8. Python & pandas - Core Operations#
1. Detecting Missing Values:#
df.isnull().sum() # count NaN per column
df.isnull().sum() / len(df) * 100 # percentage missing
2. df.count() - Count Non-Null Values:#
df.count() # non-null count per column ✅
df['col'].count() # for single column
- ❌
df.notnull() → returns boolean mask, not count - ❌
df.describe() → summary stats, not just count
3. df.dropna() - Remove Missing Values:#
df.dropna() # drop rows with ANY NaN
df.dropna(subset=['review_text']) # drop rows where specific column is NaN ✅
df.dropna(how='all') # drop only if ALL values are NaN
- ✅
dropna(subset=['col']) - exam answer for targeted column NaN removal - ❌ Replace all NaN with “missing” → pollutes text analysis
- ❌ Delete entire column → loses all data
4. df.fillna() - Fill Missing Values:#
df.fillna(0) # fill with constant
df['col'].fillna(df['col'].mean()) # fill with mean
df['col'].fillna(df['col'].median()) # fill with median
df.fillna(method='ffill') # forward fill (time series)

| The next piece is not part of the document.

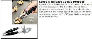 Although my sister-in-law’s birthday is over one month away I saw this scoop-and-release cookie dropper and just had to buy one for her. She currently uses a ice cream scooper but this technique seems much more like the old two-spoon scrapping routine I used as a kid.
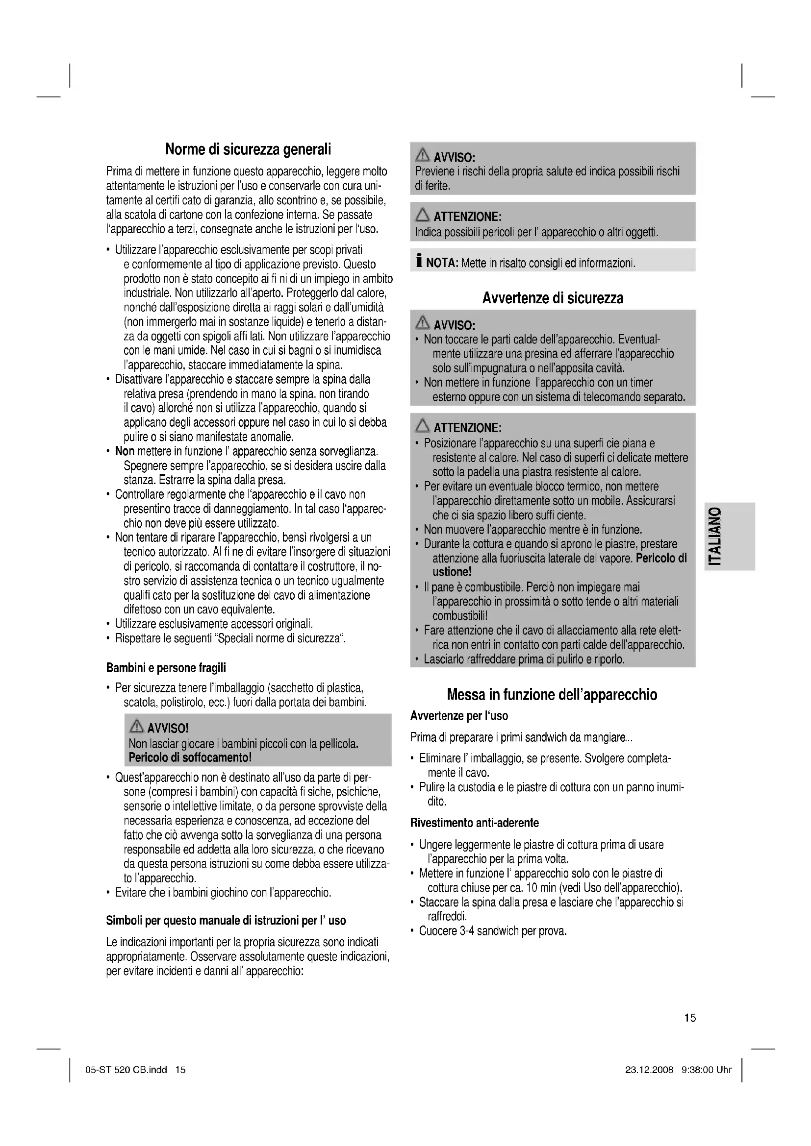 - Lavare le piastre di cottura con una spugna morbida e ac- qua e detersivo per stoviglie, sciacquare con acqua corrente e asciugare con un panno morbido. Dopo l’asciugatura applicare uno strato sottile di olio alimentare sulla superfi cie. Custodia Dopo l’uso pulire l’apparecchio con un panno leggermente inumidito. Dati tecnici Modello: ........................................................................ST 520 CB Alimentazione rete: ............................................ Consumo di energia: ........................................................... 750 W Classe di protezione: .................................................................... Ι Peso netto: ........................................................................1,00 kg Questo apparecchio è stato controllato sulla base di tutte le direttive CE attuali in vigore in questo settore, quali per esempio la normativa in materia di compatibilità elettromagnetica e la direttiva in materia di bassa tensione, ed è stato costruito confor- memente alle norme di sicurezza più moderne. Con riserva di apportare modifi che tecniche. Signifi cato del simbolo „Eliminazione“ Salvaguardare l’ ambiente, gli elettrodomestici non vanno elimi- nati come rifi uti domestici. Per l’ eliminazione degli elettrodomestici, fare uso dei posti di raccolta previsti per questo tipo e porre quegli elettrodomestici che non sono più in uso. Si contribuisce così ad evitare un effetto potenziale sull’ ambien- te e sulla salute, dovuto magari ad una eliminazione sbagliata. Questo signifi ca un contributo personale alla riutilizzazione, al riciclaggio e altre forme di utilizzazione di elettrodomestici ed apparecchi elettronici usati. 05-ST 520 CB.indd 1605-ST 520 CB.indd 16 23.12.2008 9:38:00 Uhr23.12.2008 9:38:00 Uhr 220-240 V, 50 Hz17 ITALIANO ITALIANO Si possono trovare le corrispondenti informazioni sugli appositi luoghi di raccolta, nelle amministrazioni dei comuni. 05-ST 520 CB.indd 1705-ST 520 CB.indd 17 23.12.2008 9:38:00 Uhr23.12.2008 9:38:00 Uhr18 NORSK NORSK Generelle sikkerhetsanvisninger Les nøye gjennom bruksanvisningen før du tar apparatet i bruk. Ta godt vare på bruksanvisningen, garantibeviset, kassalappen og helst også esken med innvendig emballasje. Gis apparatet videre til en tredjeperson, må bruksanvisningen også følge med.

df.fillna(method='bfill') # backward fill
5. When to Use Which Fill Strategy:#
| Strategy | When |
|---|
| Drop rows | Text analysis, small % missing |
| Fill mean | Normally distributed numeric |
| Fill median | Skewed data, outliers present |
| Fill mode | Categorical data |
| Forward fill | Time series, ordered data |
6. column.nunique() - Count Distinct Values:#
df['col'].nunique() # number of unique values ✅
df['col'].unique() # array of unique values
df['col'].value_counts() # count of each unique value
- ✅
nunique() - most efficient for just counting distinct values - ❌
len(set(column)) → works but memory inefficient for large data - ❌
column.count() → counts non-null, NOT unique
7. Value Inspection Methods:#
| Method | Returns |
|---|
nunique() | Integer count of unique values ✅ |
unique() | Array of all unique values |
value_counts() | Frequency of each unique value |
count() | Count of non-null values |
8. groupby().mean() - Aggregation:#
df.groupby('cuisine')['rating'].mean() # average rating per cuisine ✅
- ❌
df.sort_values('cuisine') → sorts, doesn’t aggregate - ❌
df.filter('cuisine') → not valid syntax - ❌
df.merge('cuisine', 'rating') → not valid syntax
9. All Aggregation Functions:#
df.groupby('col')['val'].mean() # average
df.groupby('col')['val'].sum() # total
df.groupby('col')['val'].count() # count
df.groupby('col')['val'].max() # maximum
df.groupby('col')['val'].min() # minimum
df.groupby('col')['val'].median() # median
df.groupby('col')['val'].std() # standard deviation
10. drop_duplicates() - Remove Duplicates:#
df.drop_duplicates() # all columns
df.drop_duplicates(subset=['col']) # specific column ✅
df['col'].drop_duplicates().values # memory-efficient unique values ✅
11. Correlation Analysis:#
df.corr() # correlation matrix for all columns
df['col1'].corr(df['col2']) # correlation between two columns
# pivot_table + corr for customer similarity
df.pivot_table(
index='customer_id',
columns='product_category',
values='purchase_amount'
).fillna(0).corr() # ✅ exam answer
12. Sorting:#
df.sort_values('col') # ascending
df.sort_values('col', ascending=False) # descending
df.sort_values(['col1', 'col2']) # multiple columns
13. Merging DataFrames:#
pd.merge(df1, df2, on='key') # inner join (default)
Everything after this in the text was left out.